Above her, the clouds dispersed as quickly as they had come and the sun got to work drying out the ground.

‘Was that really necessary?’ called Denser. ‘I had been reading. A little warning would have been nice.’

‘The pages will dry out quickly enough,’ said Cleress. ‘And we are done for the day. I need a rest before dinner.’

‘Wait a moment and I’ll help you in,’ said Denser. He walked to Erienne and gave her a kiss. ‘Feel better for doing that?’

‘Actually, yes,’ said Erienne. ‘Today was a breakthrough day.’

‘I can see where that would be useful. Deserts and such.’

‘As ever you miss the point,’ said Cleress, swapping a conspiratorial glance with Erienne. ‘You see, the secret of the One lies not in learning individual castings for individual effect but understanding the nature of the elements and the nature of your problem. Then, all you have to do is bring the two together. Erienne has all but grasped it, but for a few control exercises that need more work.’

‘Then what?’ asked Denser.

‘Then I can at last die and join my sisters,’ said Cleress. Her smile was brief and Erienne didn’t like what was behind it. ‘I worry about them, you know. It is so long since I heard them. All there is now is a wailing. I do worry so.’

‘I’m not with you,’ said Erienne.

‘No, dear, of course not.’ Cleress turned to begin the slow walk to the house. ‘Denser, if you would be so kind.’

Erienne stood and watched them go, frowning. She wondered if Denser had been listening to the Al-Drechar. She knew he didn’t always. He felt her to be edging into senility and it was true she rambled from time to time. What it was she dreamed she heard from her sisters probably fell into that category.

‘But you don’t really believe that, do you Erienne?’ she said to herself.

Shaking her head, she knelt to tidy Lyanna’s gave.

The Unknown pushed Diera’s sodden hair from her face and kissed her lips. Caught in Erienne’s downpour, they could do nothing else but laugh under the warm rain and try to hide the bread and cheese. Unsuccessfully. Some of it washed over the rock on which they were sitting and into the ocean. The Unknown had pushed the rest after it.

‘I hope Jonas wasn’t caught in that,’ said Diera.

‘I doubt it,’ said The Unknown. ‘Anyway, he’ll be as wet as us but by choice. He’s still over at Sand Island swimming with Ark.’
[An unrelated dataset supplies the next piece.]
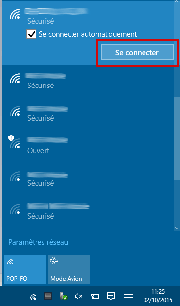 Si l'équipement WiFi de votre ordinateur est bien installé (se référer à la notice de votre ordinateur) et géré par le système Windows, une icône de connexion au réseau sans fil doit être présente en bas à droite de l'écran, à côté de l'horloge. Cliquez dessus avec le bouton droit de la souris, puis cliquez sur Afficher les réseaux sans fil disponibles. Windows effectue une recherche des réseaux à portée et vous en propose une liste. Sélectionnez votre nom de réseau et cliquez sur Connecter.

Ever the doubt was in Diera’s eyes when she knew her little boy was with any of the ex-Protectors. Nothing The Unknown could do would completely convince her they were safe. She had seen them under the control of Xetesk and knew what they could do. Even now, two years on and with their masked, thralled lives and painful memories, she was unsure.

‘Will he be safe?’ she said.

‘Ark’s the best swimmer amongst them,’ said The Unknown.

‘You know what I mean, Sol,’ she replied.

‘Yes, which was why I answered a different question. You already know the answer to the other one. You ask it every time.’

‘He’s my son,’ she said.

‘Hey, I’m not criticising,’ said The Unknown.

‘Come on, let’s go down to the landing. Wait for them.’

‘You go.’ The Unknown helped Diera to her feet and crushed her to him. ‘Think I’ll walk the estate. Have a think to myself.’